Há seis meses a Delegacia Especializada de Roubos e Furtos (Derf) investiga uma série de roubos ocorridos no bairro Cascalhinho, que deu nome a operação. Segundo a polícia a quadrilha promovia assaltos em residências, roubavam motocicletas e malotes bancários além de envolvimento em homicídios.
O delegado Claudinei Lopes preside as investigações e disse que os alvos principais da operação eram Gabriel Henrique Castros de Carvalho, 23, sua mulher soldado da Polícia Militar, Daniela de Oliveira, 27, e Sandrinalvo Santana Soares Mota, 23. O primeiro, Gabriel Henrique, dava apoio e participava diretamente dos roubos, tendo sido reconhecido em três assaltos à residência ocorridos em novembro de 2011, na cidade de Pedra Pedra.
Preso em flagrante e por mandado de prisão preventiva, Gabriel que já responde a dois processos criminais de posse ilegal de arma de fogo e receptação, atuava em Rondonópolis como falso advogado, inclusive com cartão de visita, e se apresentava como policial civil para obter vantagens na extorsão de traficantes.
Sua companheira Daniela de Oliveira, 27, é soldado PM, e juntamente com Gabriel foi presa em flagrante por crime de posse ilegal de arma de fogo. Na casa do casal, os policiais encontraram um revólver calibre 38, sem registro, e 41 munições do mesmo calibre, além de um colete balístico do Grupo Especial de Fronteira (Gefron) e uma caixa de cartões de visita do falso advogado e anéis. A Polícia Civil vai apurar se o colete foi furtado e é produto de peculato.
Na operação também foi preso, Bruno Rodrigo da Silva Leonel, 25, com três passagens por roubo, duas condenações por furto, posse ilegal de arma, formação de quadrilha, receptação e corrupção de menores. Além de Fábio Santos Muniz, o “Fábio Boy, com históricos criminais de roubo, latrocínio, porte ilegal de arma de fogo, tentativa de homicídio, uso de documento falso, tráfico de drogas e associação ao tráfico. Ele foi morto no confronto com os policiais militares, no roubo à agência dos Correios de Poxoréu, no dia 1º de fevereiro. O suspeito estava com mandado de prisão para ser cumprido na operação.

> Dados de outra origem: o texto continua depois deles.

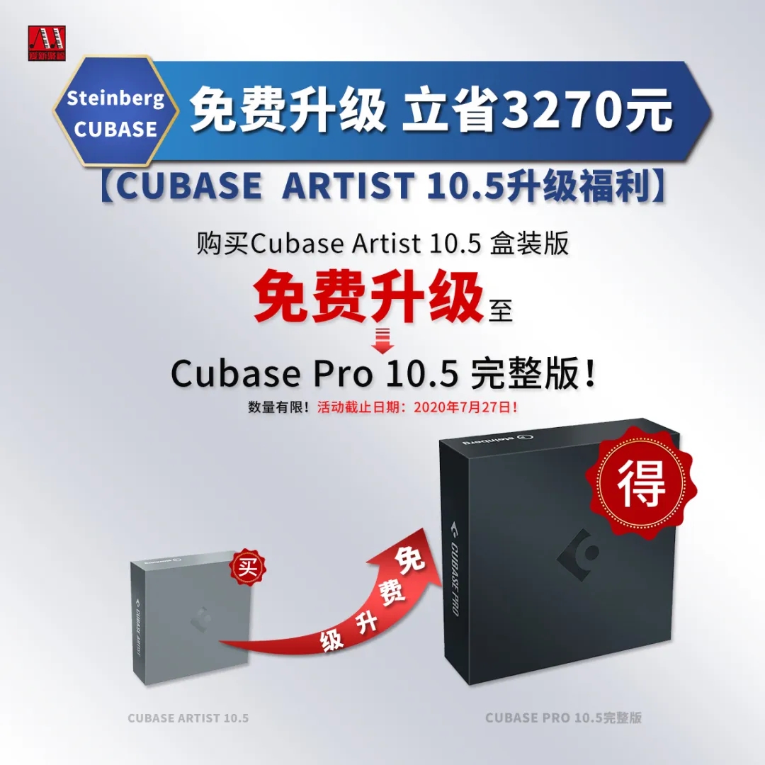 即日起订购CUBASE ARTIST 10.5(艺术家版本)产品,并于7月27日之内安装激活使用,即会自动升级为CUBASE PRO 10.5专业版本。

Conforme o delegado Claudinei Lopes, três integrantes do bando ainda continuam foragidos.
Braço da quadrilha
A Polícia Civil descobriu que um dos principais braços da quadrilha era proprietário de um restaurante de comida mineira, localizado no centro de Rondonópolis, considerado um dos mais populares da cidade. Com histórico criminal de porte ilegal de arma de uso restrito corrupção passiva e estelionato/fraude de seguro, o empresário, Leandro Moraes Ferreira, 31, foi autuado por posse ilegal de munições de uso restrito, com pena de três a seis anos de reclusão.
O empresário mantinha contato direto com Sandrinalvo e dava apoio com o fornecimento e negociação de armas e munições. Em seu restaurante, os policiais encontraram 44 munições calibre 9 mm (de uso restrito) e 40 munições calibre 380, vários estojos de calibre variados, todos deflagrados, quatro algemas da Secretaria de Segurança de Minas Gerais, que podem ser produto de peculato, já que Leandro foi agente prisional naquele Estado; carteira com o Brasão da Polícia Civil de Mato Grosso, dois notebooks e 37 cartões magnéticos bancários de clientes, que podem ter sido clonados, pois as respectivas senhas estavam coladas nos cartões.